Does credit card transaction details data sets help identify specific person? Do large-scale data sets of human behavior have the potential to re-identify specific user? A study of credit card data has created alarms in several quarters including for privacy advocates, showing that it takes only a tiny amount of personal information to un-cover people’s cover.
A group of data scientists analyzed credit card transactions made by 1.1 million people in 10,000 stores over a three-month period. The data set contained details including the date of each transaction, amount charged and name of the store. Although information like account number and names that would identify particular person where removed from transaction data sets, the uniqueness of people’s behavior made it easy to single them out claimed the scientists.

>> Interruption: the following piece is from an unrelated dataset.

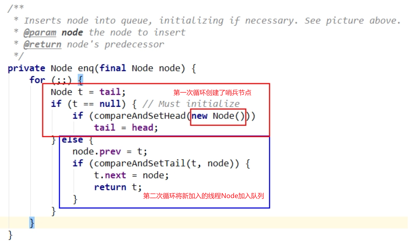如果共享资源被占用,就需要一定的阻塞等待唤醒机制来保证锁分配。这个机制主要用的是CLH队列的变体实现的,将暂时获取不到锁的线程加入到队列中,这个队列就是AQS同步队列的抽象表现。它将要请求共享资源的线程及自身的等待状态封装成队列的结点对象(Node),通过CAS、自旋以及LockSupport.park()的方式,维护state变量的状态,使并发达到同步的效果。

Study titled “Unique in the Shopping Mall: On the Re-identifiability of Credit Card Metadata” claimed that with just four random pieces of information, it was possible to re-identify 90 % of the shoppers as unique individuals and to uncover their records, researchers calculated and knowing the price of a transaction increases the risk of re identification by 22%, on average. Also, uniqueness of behavior combined with publicly available information, like Instagram or Twitter posts, could make it possible to re-identify people’s records by name.

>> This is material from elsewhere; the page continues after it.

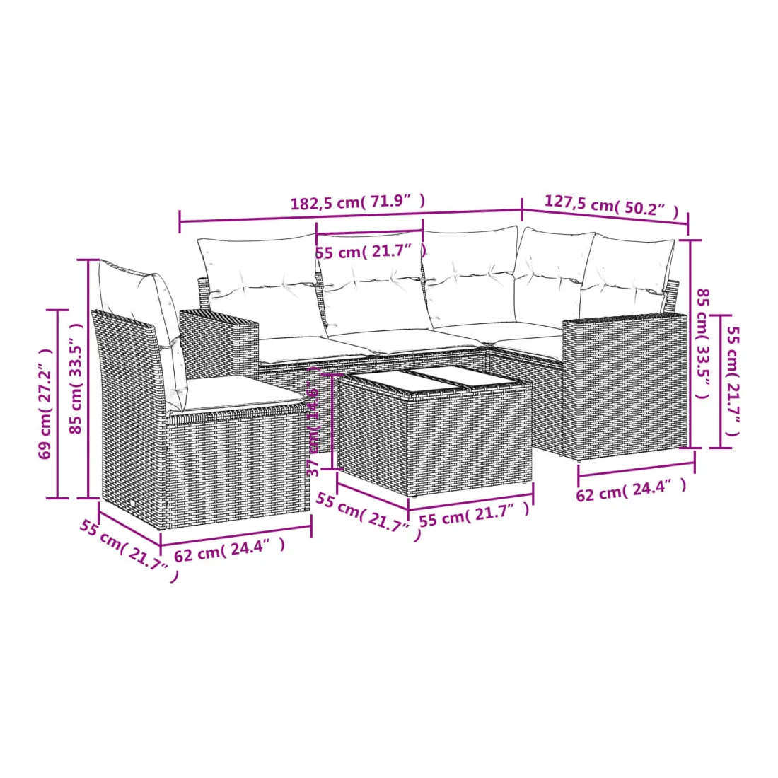 • Dimensions : 55 x 55 x 37 cm (L x l x H)

“The message is that we ought to rethink and reformulate the way we think about data protection,” said Yves-Alexandre de Montjoye, a graduate student in computational privacy at the M.I.T. Media Lab who was the lead author of the study. This study has bought a huge question mark over the standard methods that many companies, hospitals and government agencies currently use to anonymize their records. When it comes to sensitive personal information, “the open sharing of raw data sets is not the future,” said Yves-Alexandre de Montjoye. To reveal a person’s identity, you just need to correlate the metadata with information about the person from an outside source. One correlation attack became famous last year when the New York City Taxi and Limousine Commission released a data set of the times, routes, and cab fares for 173 million rides. Passenger names were not included. There are so many websites devoted to celebrity spotting—bloggers, with the help of these web sites it was easy to find time-stamped photos of celebrities getting in and out of taxis leading to easy finding out which celebrities paid which fares, making a reporter at Gawker re-identify Kourtney Kardashian, Ashlee Simpson and other celebrities.
So a lesson to learn for big companies and institutions, If they are to continue to make these kinds of data sets widely available, they should quantitatively attest to the risks of re-identification. A data set’s lack of names, home addresses, phone numbers or other obvious identifiers does not make it anonymous nor safe to release to the public and to third parties which could lead to break the privacy of individual.